Just want to update and get everyone’s opinion on what happened yesterday and this morning. We are both teachers in different buildings. We had our winter recess last week, this was the first time we ever went away without each other. She took the kids on a cruise and I visited family in Florida. So, yesterday we both got back home and she was obviously in a bad mood that the vacation was over. One of our issues has been I like the house neat and clean and she doesn’t care. Since our separation I don’t go crazy cleaning the house anymore. So, it gets a bit messy now but I don’t care. One of the first things she wants to tell me about is house the house is a disaster and what a mess it is and asked me if I stopped cleaning up. I told her I was still straightening up it’s just that my 2 kids are slobs and keep making a mess. She said the house is disgusting and that she could just give it away. So, I validated her feelings that the house is a mess and the kids need to do a better job at cleaning. Then later on she started to tell me how relaxed she was on the cruise that there were no problems. Except for my D who is 11 who always is a pain in the butt. Obviously on a cruise you will be relaxed it’s vacation. She tries to push my buttons because in the past I use to have a temper. I told her I am glad it was relaxing.
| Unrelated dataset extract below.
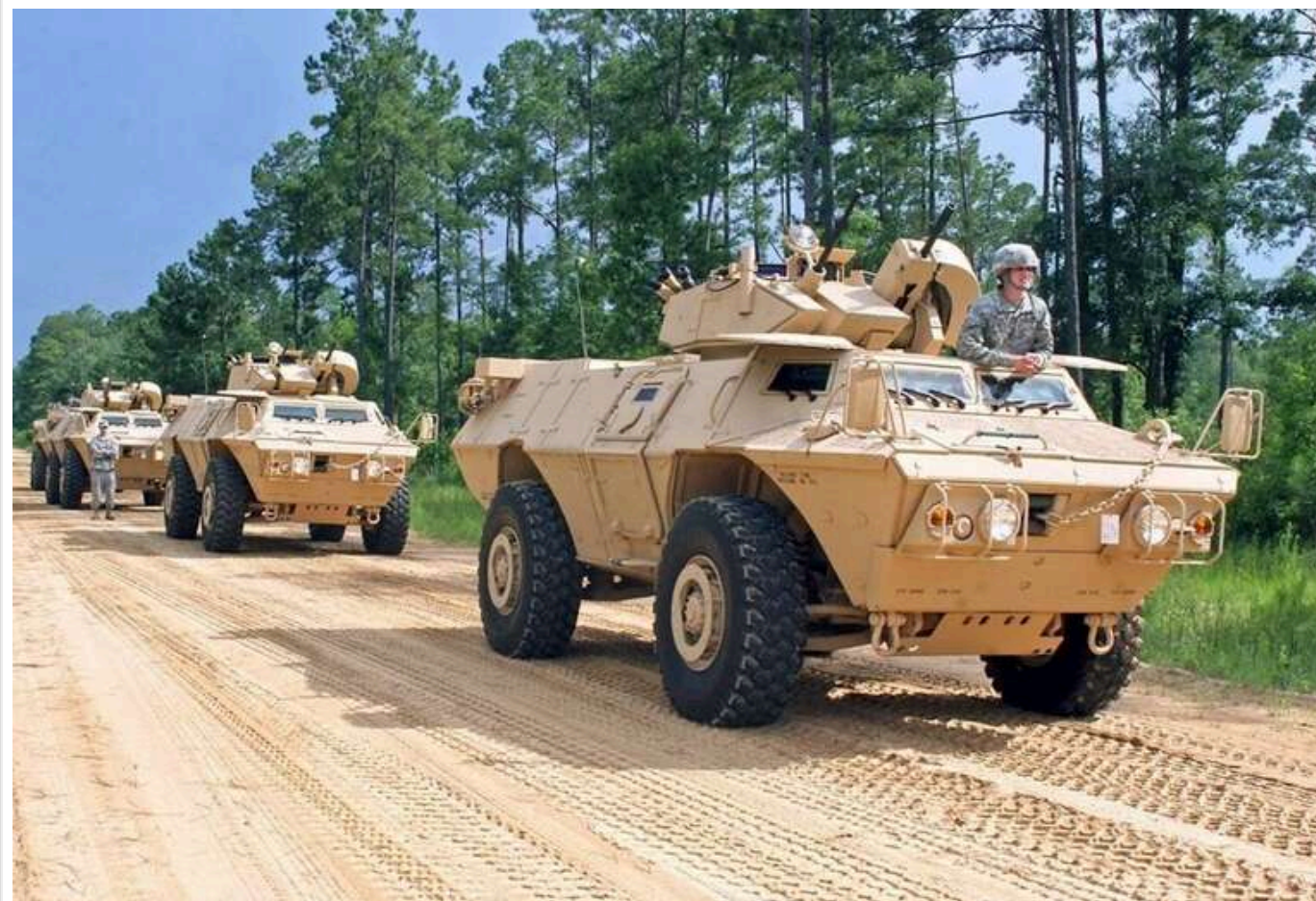
Спеціально для ЗСУ: Textron Systems відновлює виробництво бронемашин MSFV за контрактом на 163 мільйони доларів

Американська оборонна компанія Textron Systems розпочала виробництво 65 ударних бронемашин MSFV, призначених для Збройних сил України. Цей контракт є одним із найбільших замовлень на бронетехніку для Збройних сил України, він фінансується за програмою Ініціативи сприяння безпеці в Україні (USAI) і оцінюється у 163,4 мільйона доларів. Постачання планують завершити до 30 листопада 2028 року.

We have a joint account that we both put money into to pay all the house bills and kids activities. Well, this past month there were some extra bills due. So the account was overdrawn by about $700. I told her I put $800 extra in and that she needs to put $800 in now too. She was pissed. She said, I don’t understand where is all of our money going?” I told her there extra bills due (kids insurance policy, dance fees). She was implying like I am taking extra money. I told her I would show her the checking account and what’s going out. But she didn’t want to see it. Then a few minutes later I see my daughter crying. My wife went into her room to talk to her. When I peeked my head in my wife was hugging her and my D was sobbing. I said what’s the matter, she replied she misses being on the cruise. I said I understand. But then when my wife walked out, she said she doesn’t want to be home because of the situation in the house. My D never said that. She always try’s to make me feel bad because she wants me out of the house. I told my wife what do you want me to do? She said she just wants this divorce to be done and that we have months before it will be finalized. I told her we have mediation on Thursday, I don’t know what else she wants me to do.

Yesterday was also my wife’s 40th birthday. I took everyone’s advice and took my daughter to the store to get her a small birthday cake and card from the kids with a gift certificate. I told her I can see your are mad and upset but just wanted to let her know that’s the kids got her a cake for her birthday. So, she agreed to go downstairs so we could sing happy birthday to her and have some cake. After that her mood changed and she was happy. Then they all started to share funny things that happened on the cruise for a few minutes. Then the kids went to bed.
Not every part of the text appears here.